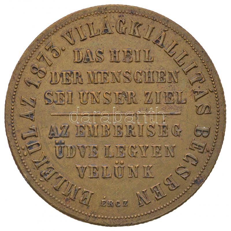 1873. "Emlékérem a bécsi kiállításra" Br emlékérem. "FERENCZ JÓZSEF I K A CS ÉS M H S D O AP KIR / EMLÉKÜL AZ 1873. VILÁGKIÁLLITÁS BÉCSBEN - DAS HEIL DER MENSCHEN SEI UNSER ZIEL - AZ EMBERISÉG ÜDVE LEGYEN VELÜNK - ÉRCZ" (15,75g/37mm) T:2- ph. / Hungary 1873. "Medal for the World Exhibition of Vienna" Br commemorative medallion (15,75g/37mm) C:VF edge error
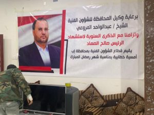 نظم قطاع الشؤون الفنية بمحافظة إب أمسية رمضانية إحياءً للذكرى السنوية لاستشهاد الرئيس صالح الصماد . تحت شعار ( الرئيس الصماد .. رجل المسؤولية ) .
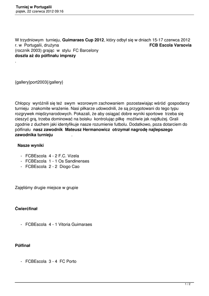 Turniej w Portugalii - Aktualności FCB Escola Varsovia
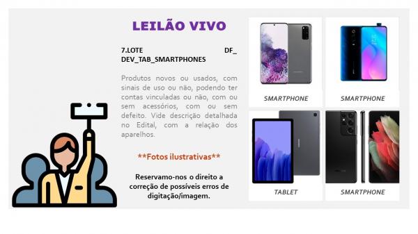 LOTE DF_ DEV_TAB_SMARTPHONES COM APROXIMADAMENTE 73 ITENS. Produtos novos ou usados, com sinais de uso ou não, podendo ter contas vinculadas ou não, com ou sem acessórios, com ou sem defeito. Vide descrição detalhada no Edital com a relação dos aparelhos. SEM GARANTIA. NO ESTADO EM QUE SE ENCONTRA. CUSTOS DE REMOÇÃO E TRANSPORTE POR CONTA DO ARREMATANTE.
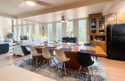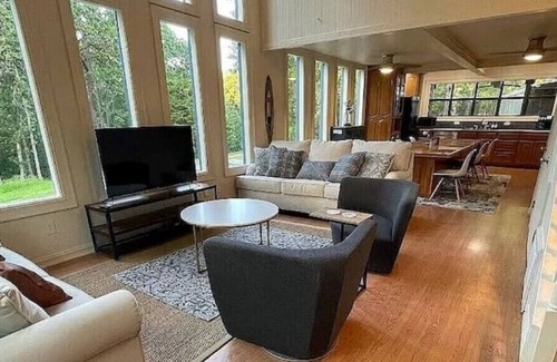 The extensive wrap-around deck with covered area is the perfect space to sip your morning coffee and watch the deer. In the afternoons your crew can play lots of games including ping pong and horseshoes or lay in the three hammocks. The property extends to a wooded ravine with lots of hiking. You won’t have to leave for dinner when you can fire up the gas grill & fire pit. Our kitchen is well stocked with pots, pans and cooking utensils. No need to fear rainy days, inside the house is stocked with WiFi, smart tvs in every room, board games and foosball!
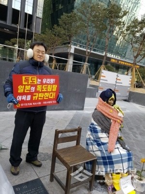 [수원=채종수 기자]경기도의회 의원들이 강추위 속에서도 일본의 독도 침탈 저지를 위한 피켓시위에 나섰다.
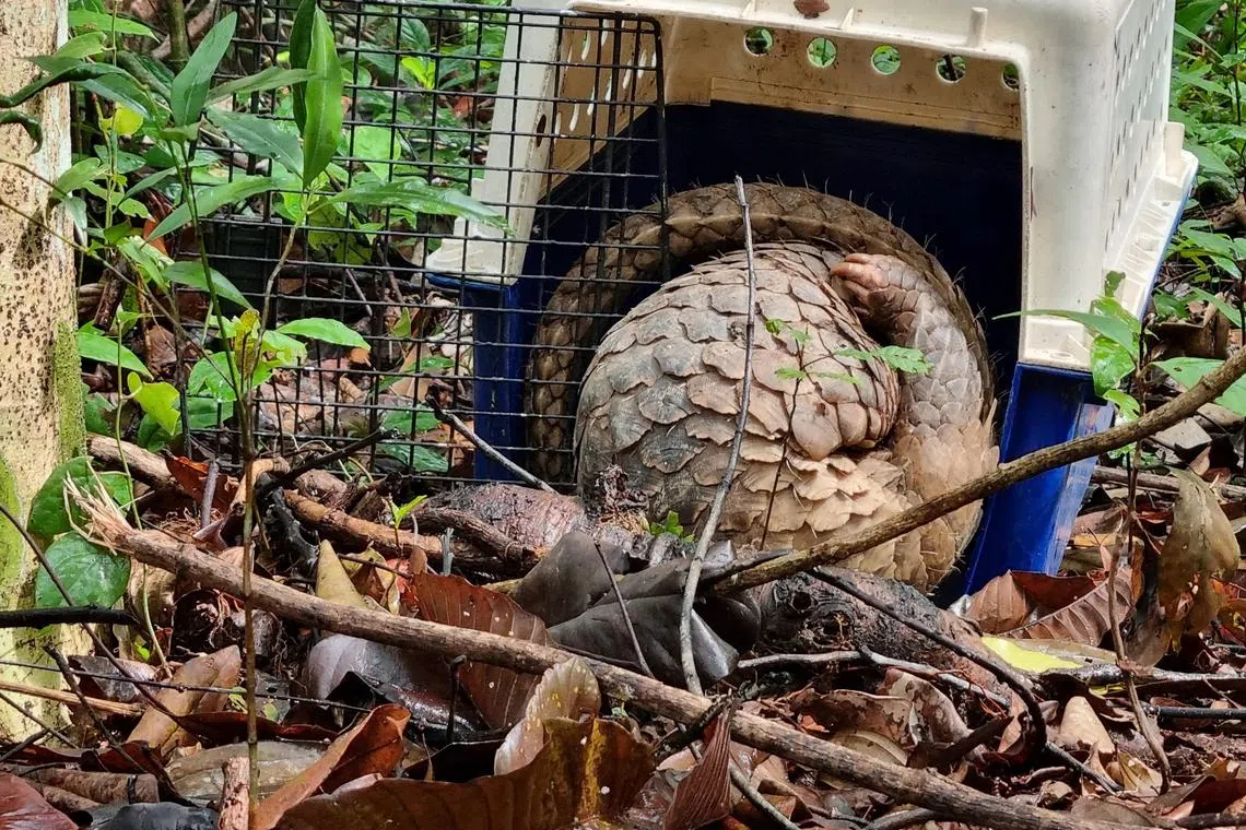 The pangolin found by a resident was released in the Central Catchment Nature Reserve on Feb 14, a day after a health check-up at the Wildlife Healthcare and Research Centre. Pangolins curl up into a ball to protect themselves with their scales when they feel threatened.

* _What to produce_
What is needed is an exact repetition of every line from the line with "نظم قطاع الشؤون" to the end of the data above, both ends included, with no pictures.

* _Answer space_
 نظم قطاع الشؤون الفنية بمحافظة إب أمسية رمضانية إحياءً للذكرى السنوية لاستشهاد الرئيس صالح الصماد . تحت شعار ( الرئيس الصماد .. رجل المسؤولية ) .
 Turniej w Portugalii - Aktualności FCB Escola Varsovia
 LOTE DF_ DEV_TAB_SMARTPHONES COM APROXIMADAMENTE 73 ITENS. Produtos novos ou usados, com sinais de uso ou não, podendo ter contas vinculadas ou não, com ou sem acessórios, com ou sem defeito. Vide descrição detalhada no Edital com a relação dos aparelhos. SEM GARANTIA. NO ESTADO EM QUE SE ENCONTRA. CUSTOS DE REMOÇÃO E TRANSPORTE POR CONTA DO ARREMATANTE.
 The extensive wrap-around deck with covered area is the perfect space to sip your morning coffee and watch the deer. In the afternoons your crew can play lots of games including ping pong and horseshoes or lay in the three hammocks. The property extends to a wooded ravine with lots of hiking. You won’t have to leave for dinner when you can fire up the gas grill & fire pit. Our kitchen is well stocked with pots, pans and cooking utensils. No need to fear rainy days, inside the house is stocked with WiFi, smart tvs in every room, board games and foosball!
 [수원=채종수 기자]경기도의회 의원들이 강추위 속에서도 일본의 독도 침탈 저지를 위한 피켓시위에 나섰다.
 The pangolin found by a resident was released in the Central Catchment Nature Reserve on Feb 14, a day after a health check-up at the Wildlife Healthcare and Research Centre. Pangolins curl up into a ball to protect themselves with their scales when they feel threatened.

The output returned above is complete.